> **Problem statement**
Go to the line with "- インストゥルメントトラックを追加" in the entries below and write out every line from there through the line with "山西省晋中市2026年2月高三年级适应性调研考试 化学.pdf", exactly and without pictures.

Data excerpts
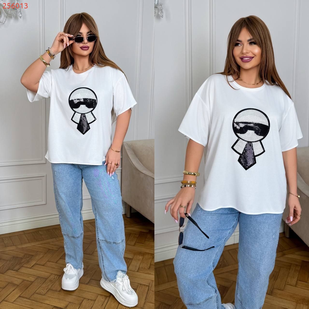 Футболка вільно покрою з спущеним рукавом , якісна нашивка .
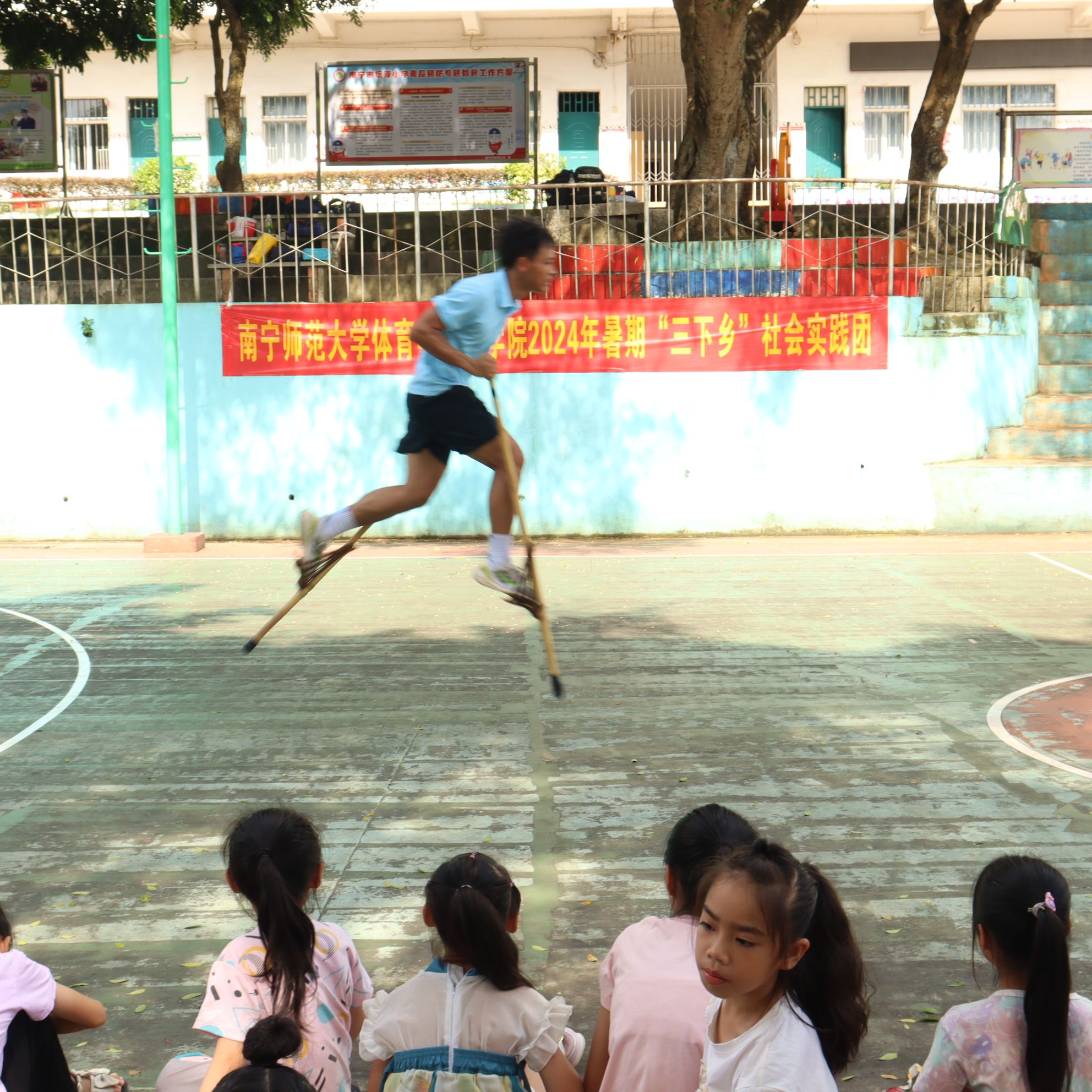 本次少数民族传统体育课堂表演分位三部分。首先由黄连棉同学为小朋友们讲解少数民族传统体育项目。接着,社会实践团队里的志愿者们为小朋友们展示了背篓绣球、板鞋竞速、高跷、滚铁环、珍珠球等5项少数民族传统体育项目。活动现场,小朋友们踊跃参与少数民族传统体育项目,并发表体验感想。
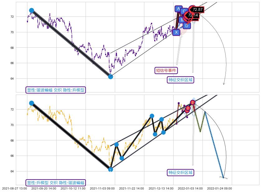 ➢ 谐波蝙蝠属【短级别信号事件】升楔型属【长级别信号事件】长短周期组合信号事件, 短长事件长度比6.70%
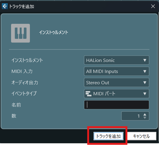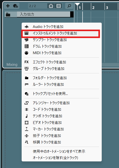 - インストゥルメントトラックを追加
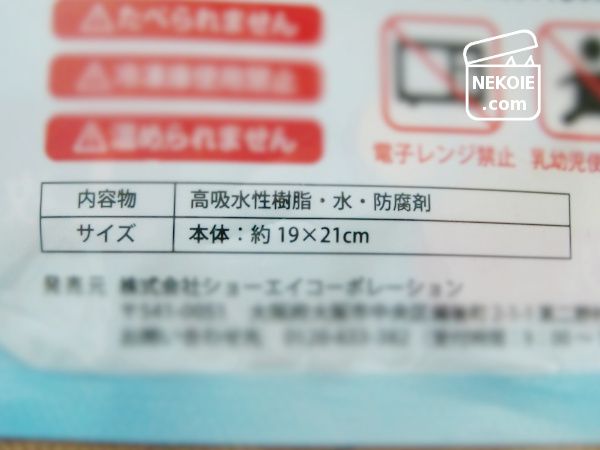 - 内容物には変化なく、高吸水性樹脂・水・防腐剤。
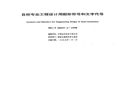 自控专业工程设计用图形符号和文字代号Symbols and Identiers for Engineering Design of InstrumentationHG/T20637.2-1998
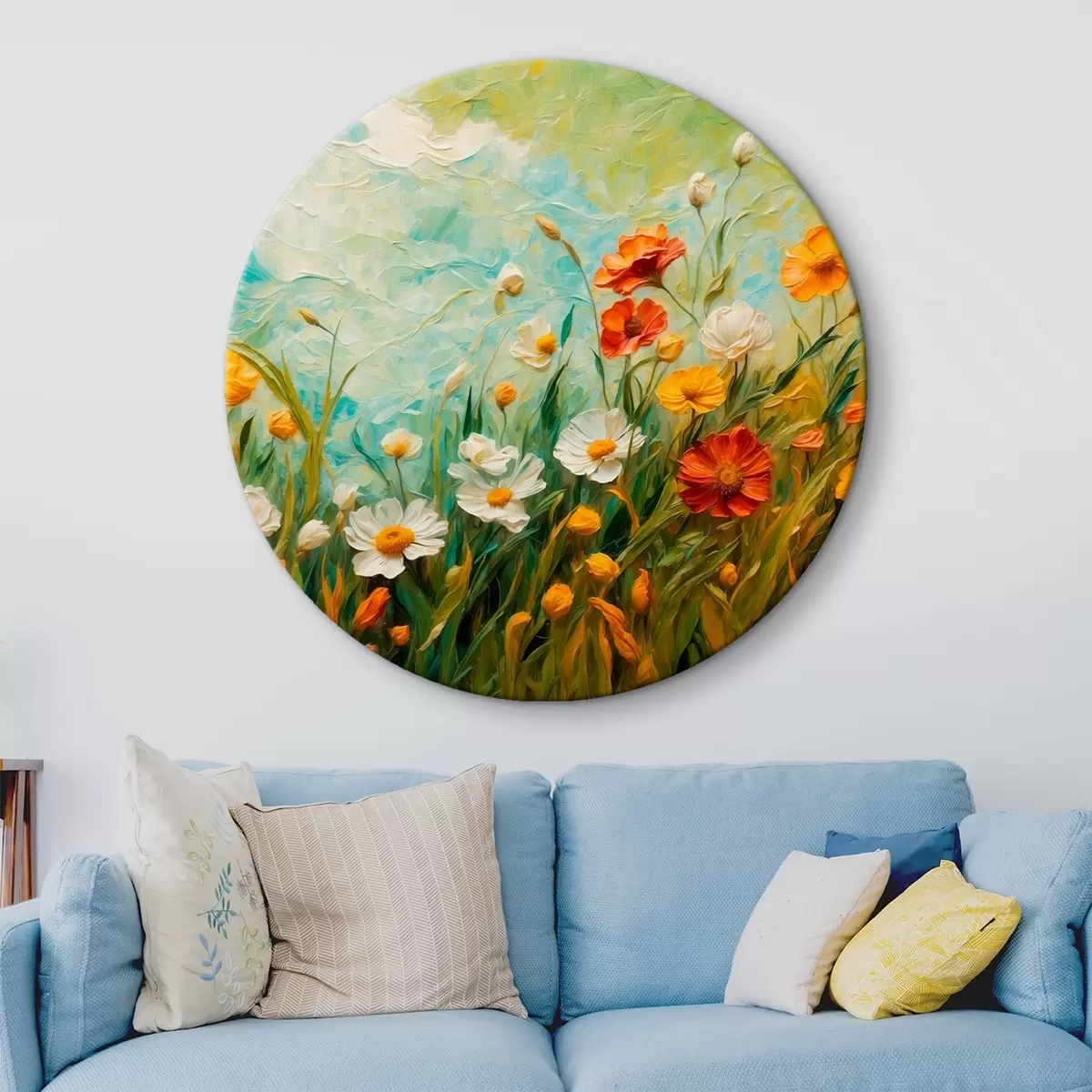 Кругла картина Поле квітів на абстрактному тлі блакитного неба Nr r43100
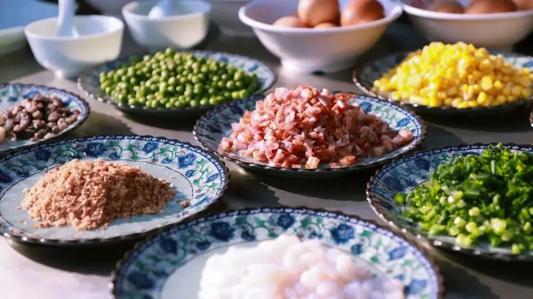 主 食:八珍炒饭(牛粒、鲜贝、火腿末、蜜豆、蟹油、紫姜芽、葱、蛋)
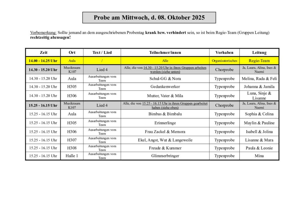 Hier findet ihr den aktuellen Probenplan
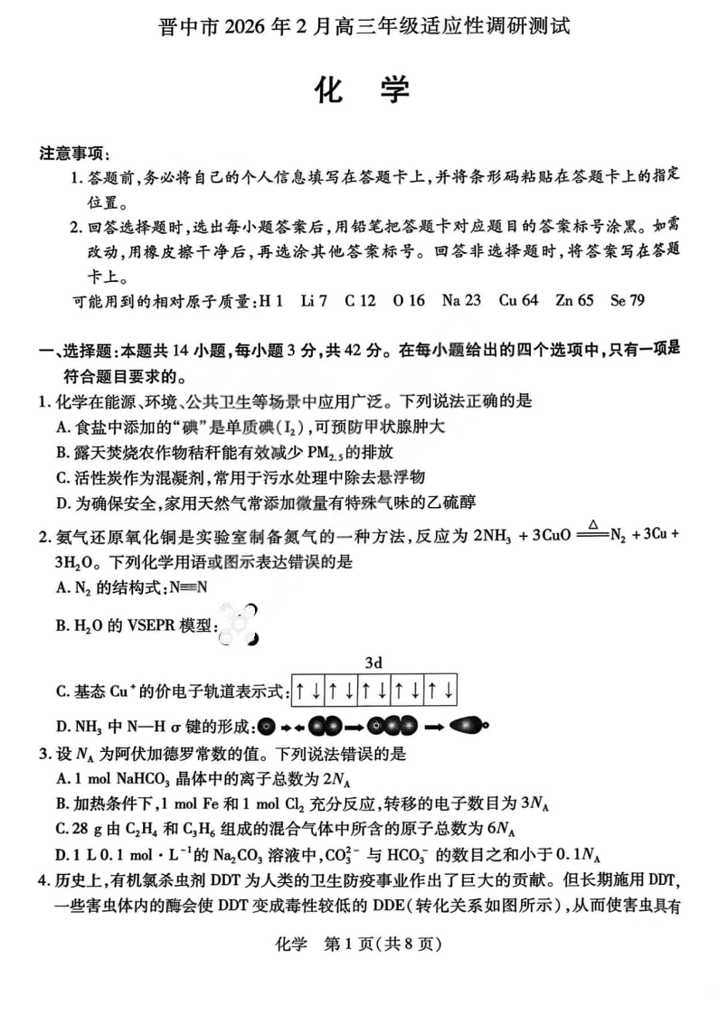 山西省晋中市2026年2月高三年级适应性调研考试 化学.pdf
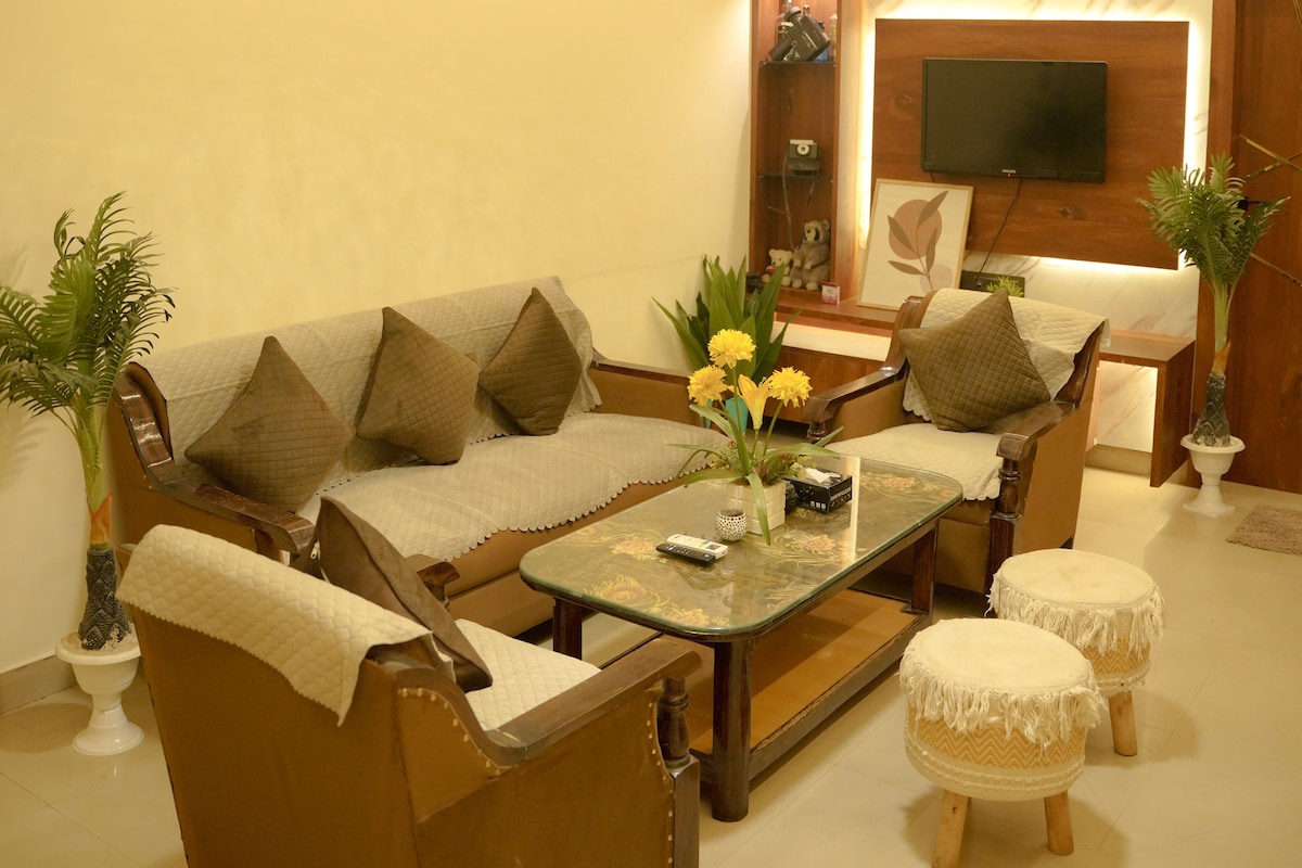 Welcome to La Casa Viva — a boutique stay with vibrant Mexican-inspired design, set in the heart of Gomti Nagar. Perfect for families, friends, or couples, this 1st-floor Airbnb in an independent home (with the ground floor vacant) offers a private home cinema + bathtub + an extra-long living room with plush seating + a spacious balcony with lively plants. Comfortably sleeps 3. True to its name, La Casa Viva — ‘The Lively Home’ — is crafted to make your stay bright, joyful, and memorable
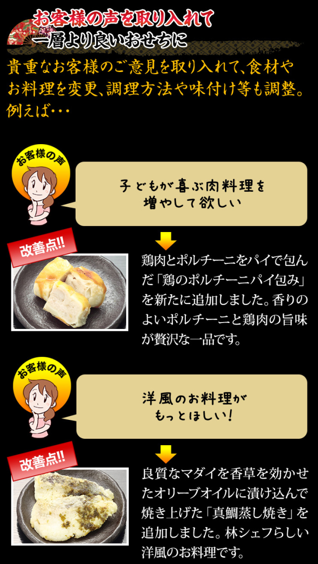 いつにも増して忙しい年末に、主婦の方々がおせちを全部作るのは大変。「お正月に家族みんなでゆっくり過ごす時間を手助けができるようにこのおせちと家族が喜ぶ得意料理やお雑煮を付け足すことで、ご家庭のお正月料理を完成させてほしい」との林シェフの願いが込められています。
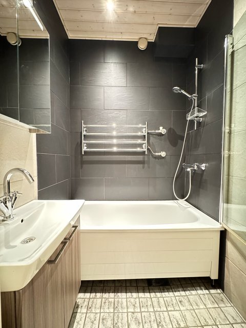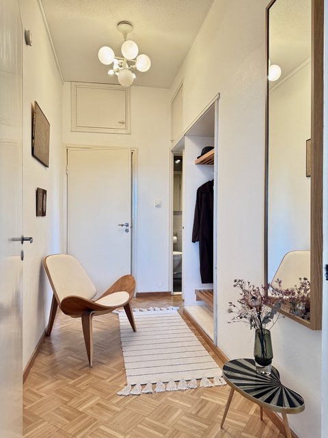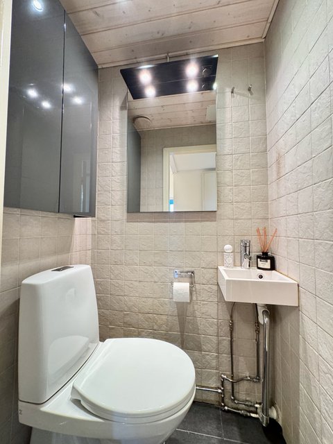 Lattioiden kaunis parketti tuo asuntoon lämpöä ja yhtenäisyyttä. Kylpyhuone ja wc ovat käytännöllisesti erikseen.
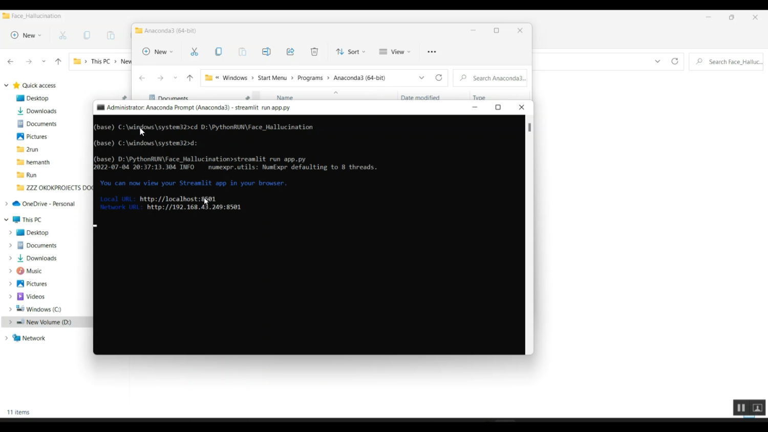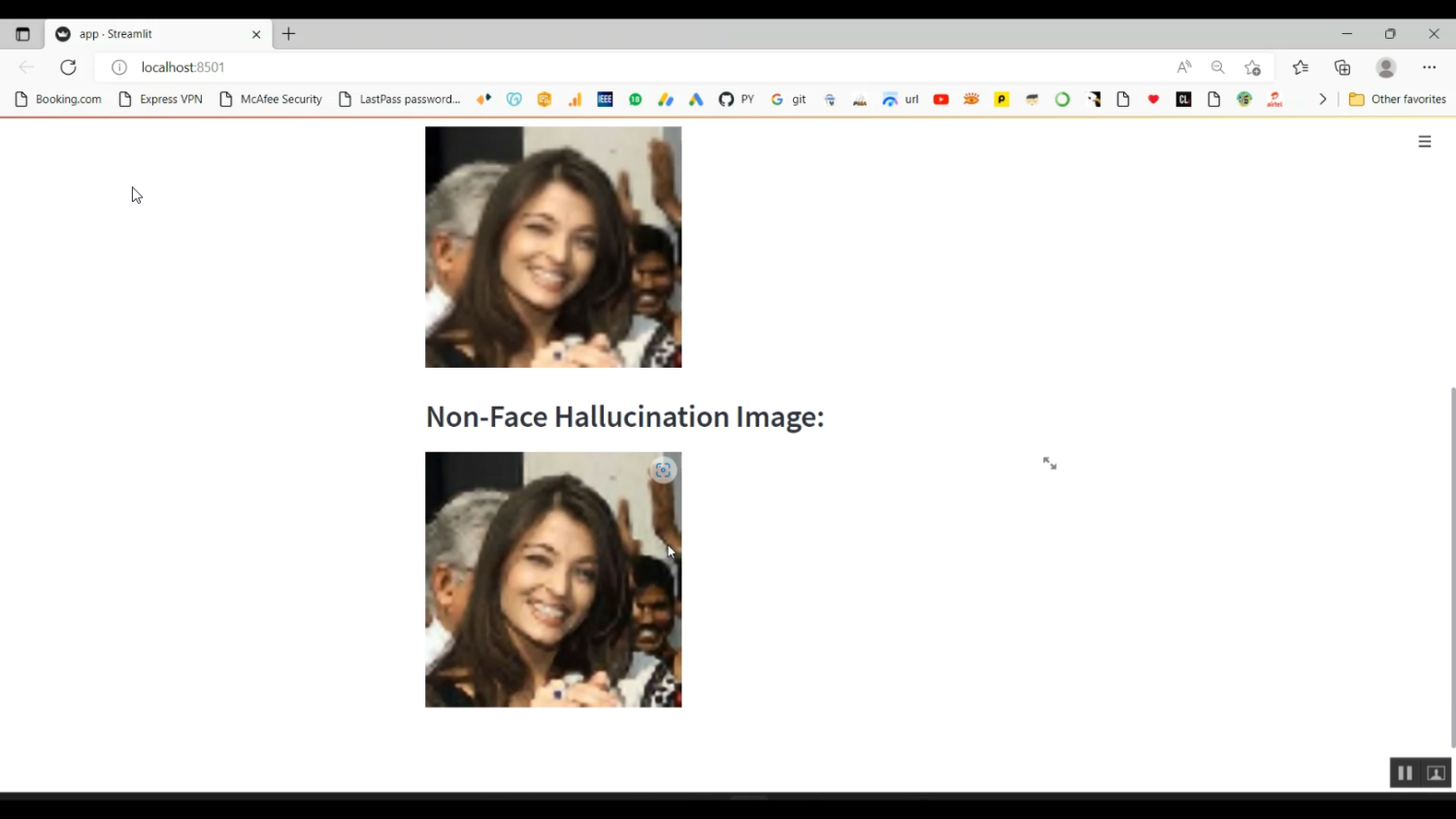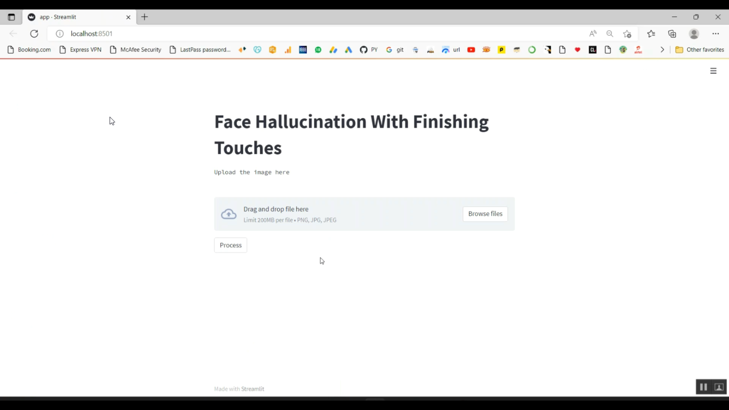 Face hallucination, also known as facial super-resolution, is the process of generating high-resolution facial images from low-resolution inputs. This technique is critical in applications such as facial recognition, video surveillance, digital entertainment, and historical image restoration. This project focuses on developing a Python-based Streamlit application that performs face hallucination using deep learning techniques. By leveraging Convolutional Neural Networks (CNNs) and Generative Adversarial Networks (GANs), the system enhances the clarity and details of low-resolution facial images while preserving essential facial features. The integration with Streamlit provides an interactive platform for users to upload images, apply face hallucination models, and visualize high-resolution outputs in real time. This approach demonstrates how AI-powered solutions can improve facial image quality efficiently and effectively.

> **Output of the exercise**
 - インストゥルメントトラックを追加
 - 内容物には変化なく、高吸水性樹脂・水・防腐剤。
 自控专业工程设计用图形符号和文字代号Symbols and Identiers for Engineering Design of InstrumentationHG/T20637.2-1998
 Кругла картина Поле квітів на абстрактному тлі блакитного неба Nr r43100
 主 食:八珍炒饭(牛粒、鲜贝、火腿末、蜜豆、蟹油、紫姜芽、葱、蛋)
 Hier findet ihr den aktuellen Probenplan
 山西省晋中市2026年2月高三年级适应性调研考试 化学.pdf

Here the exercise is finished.